Haiti’s Ineluctable Election Tremors
As its post-earthquake IMF program ends with a request for a year extension, Haiti is finally gearing up for long-postponed senate and municipal which may further erode the President’s lack of majority support for priority economic legislation with structural reforms already blocked. The fiscal year 2013 GDP growth forecast has been halved to 3 percent on weather-related agricultural drag on inflation double that number. Trade has gone into deficit but aid and remittance inflows pushed reserves to five months import coverage. The currency has depreciated slightly against the dollar and the central bank has raised non-gourde reserve requirements to redress the trend and mounted $100 million in interventions recently. Private credit expanded 25 percent through mid-year from a low base with the average bank capital adequacy ratio at 15 percent. The budget gap is over 5 percent of GDP with government debt kept below a 30 percent ceiling under domestic and external borrowing, including through Treasury bill and Venezuela’s Petrocaribe oil purchase facility. Tax collection has lagged, energy subsidies are costly, and a debt management strategy is absent, according to the Fund’s latest inspection, which also encouraged greater exchange rate flexibility and trading competition. The financial sector still lacks a collateral law, commercial and supervisory regimes for insurance and microfinance, and stock exchange plans which could align with the cross-border Caribbean platform. The Dominican Republic bourse on the same island features corporate fixed-income listings as another possible link, as the sovereign placed a $1 billion external bond in April without IMF arrangement renewal. With the infusion reserves hit $4 billion on the way to the goal of meeting three import months. Economic growth is around 2 percent on solid tourism performance and lower interest rates. Gold finds have boosted exports, but mining rule shifts may alienate foreign companies and undermine the effort to achieve public sector fiscal balance by mid-decade. Electricity shortages remain chronic and the central bank has yet to be recapitalized despite a 2007 enabling law.
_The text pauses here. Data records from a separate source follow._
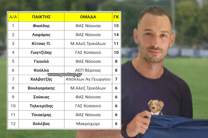 Ο Λαφάρας πέτυχε τέσσερα γκολ στις δύο πιο πρόσφατες αγωνιστικές και έφτασε τα 14, βάζοντας… φωτιά στην εσωτερική κόντρα της Νάουσας για τον τίτλο του πρώτου σκόρερ. Στην τρίτη θέση βρίσκεται ο Παναγιώτης-Δημήτρης Κίτσας του Μ. Αλέξανδρου Τρικάλων με 11 γκολ, ενώ διψήφιο αριθμό τερμάτων έχει και ο Θέμης Γιαγτζίδης του ΓΑΣ Κοπανού με 10.
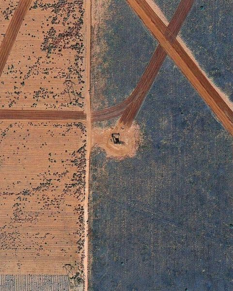 Editor: This is Mishka Henner's "API 21930915 San Andres, TX," a 2012 photograph. I'm struck by the strong diagonal lines; it's almost dizzying! And then there's that stark industrial element breaking the pattern. How do you interpret this work from a formalist perspective? Curator: Note how the parallel lines, alternately dark and light brown, establish a powerful rhythm. Consider how that rhythm is then disrupted by the off-center placement of the oil pump, almost as an after thought. How does the artist use colour? Editor: Well, the limited palette, earthy tones of brown, tan, and a little grey makes it quite striking, not very dynamic. The colours seems monotonous, until that singular construction introduces complexity and form. Curator: Precisely. The texture, or the illusion thereof, becomes crucial. The image presents the surface as being etched. From this, it becomes about planes in the earth, with the oil pump breaking the pictorial logic. Now think about semiotics – what signs are present and what do they suggest in our culture? Editor: The strong geometric linearity implies control, and perhaps imposed order on nature; the mechanical structure suggests that progress and industry undermine the serenity and impose form on function. Curator: Yes, it's about dissecting the visual relationships within the image itself, independent of any narrative context. The lines function as pure form, their repetition creating a visual tension with the singular structure. Does our reading require something about where it exists? Editor: Not at all! It's fascinating to see how a purely formal reading reveals such a complexity of meanings simply through line, shape, and composition! It shifts focus away from the immediate topic of environmental awareness into that of formal consideration and pictorial deconstruction. Curator: Exactly. By prioritizing the formal elements, the artwork creates a framework for deconstruction and alternative readings, which are valid within its visual form.
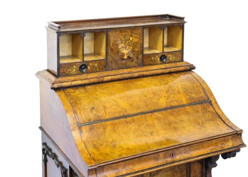 with a lift-up top containing four compartments above two drawers, marquetry inlaid with a flower laden vase, the piano-top opening to reveal two drawers, an arrangement of brass capped inkwells, and a slide out tooled burgundy leather writing surface, with hidden compartment, raised on scrolled supports, each side with a door, one containing four drawers, the other with two shelves
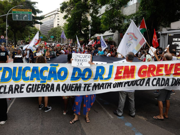Professores e funcionários administrativos das redes de educação municipal e estadual do Rio de Janeiro realizaram nesta quinta-feira (9) uma paralisação de 24 horas para cobrar recomposição salarial e melhorias nas condições de trabalho.
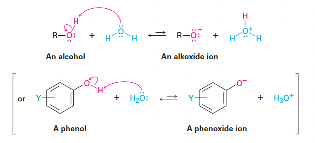 - 알코올과 페놀은 약염기이자 약산으로 작용함.
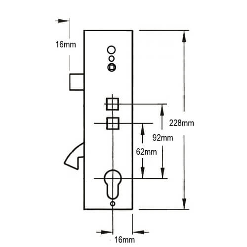 This gearbox is available with a 35mm backset, features a latch and deadbolt, and is unsprung.
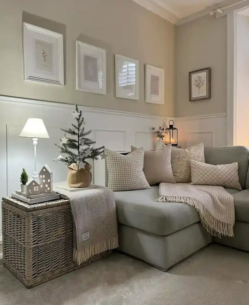 This inviting nook features a soft grey sectional paired with warm beige and patterned cushions. The panelled wall, layered throws, and soft lighting create a snug atmosphere perfect for evenings in. A small tabletop tree and candle lanterns add a seasonal touch, making it feel extra homely.
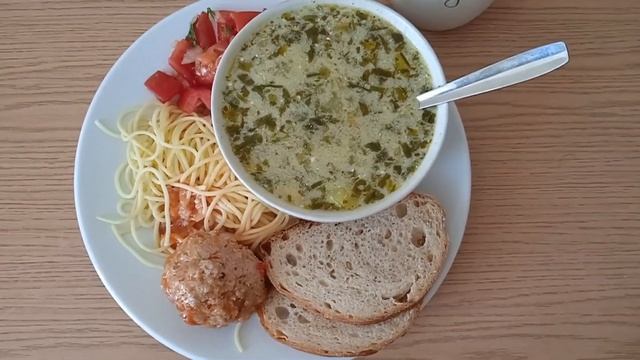 На обед: зелёный борщ со щавля, макароны и тефтеля, коф?
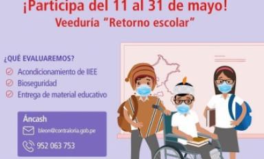 La actividad que forma parte de las veedurías escolares virtuales denominadas “Retorno Escolar” se desarrollará hasta el 31 de mayo del 2022 y permitirá conocer la percepción de los estudiantes sobre cómo se vienen realizando el retorno a las aulas en el marco de la emergencia sanitaria por la Covid-19; asimismo, busca promover la participación ciudadana y el ejercicio del control social a sus autoridades educativas de manera responsable y sostenida.
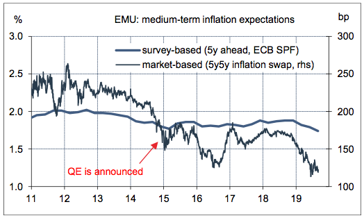 Durant l’été, la situation économique de la zone euro ne s’est ni améliorée, ni vraiment dégradée, ce qui signifie qu’elle reste fragile dans l’ensemble (cf. graphe), avec un biais baissier plus net en Allemagne(2). Certains facteurs d’incertitude ont reflué, comme le risque politique en Italie; d’autres demeurent tout aussi difficiles à appréhender de manière sensée, comme le Brexit(3); d’autres enfin se sont aggravés, comme les frictions commerciales sino-américaines. Enfin, et ce n’est pas la moindre des préoccupations pour la BCE, ni l’inflation actuelle, ni l’inflation anticipée ne se redressent. En triturant les indices de prix, on voit une ébauche de redressement sur les composantes cycliques de l’inflation(4) mais l’image d’ensemble est que l’inflation reste bien trop éloignée de la cible. Les anticipations d’inflation à moyen terme sont plus basses qu’en 2014 (cf. graphe). À l’époque, il était fréquent de parler de déflation et même si ce risque était peut-être surestimé, la faiblesse de l’inflation anticipée avait alors conduit la BCE à lancer son premier programme d’achats d’actifs.
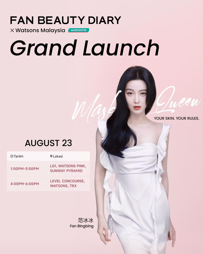 Jadual promosi Fan Bingbing di Malaysia bakal berlangsung pada 23 Ogos 2025 dengan dua penampilan istimewa, iaitu pada jam 1.00 tengah hari di Watsons Pink, Sunway Pyramid dan seterusnya pada jam 4.00 petang di Watsons, The Exchange TRX. Kehadiran selebriti ini dijangka menjadi tumpuan ramai peminat dan pencinta kecantikan, sekali gus menghangatkan lagi pelancaran rasmi Fan Beauty Diary di Malaysia.

Trinidad and Tobago was ahead 15 percent on the MSCI frontier index at end-July on lackluster 1 percent GDP growth and 2 percent inflation, with the hydrocarbon-backed current account surplus conspicuous at 10 percent of output. Government debt is around 40 percent of GDP after the rescue of pan-Caribbean insurance giant CLICO, but banks remain liquid and can readily absorb primary bond issuance. Barbados in contrast was recently downgraded with its 100 percent debt load deterring further overseas taps. Honduras also fell into that category in February as it launched a maiden $500 million issue now yielding about 10 percent. Former President Zelaya’s wife leads in preference polls to succeed him in November and has pledged additional social and security spending. Violent crime there is among the hemisphere’s worst to further rattle the shaky story.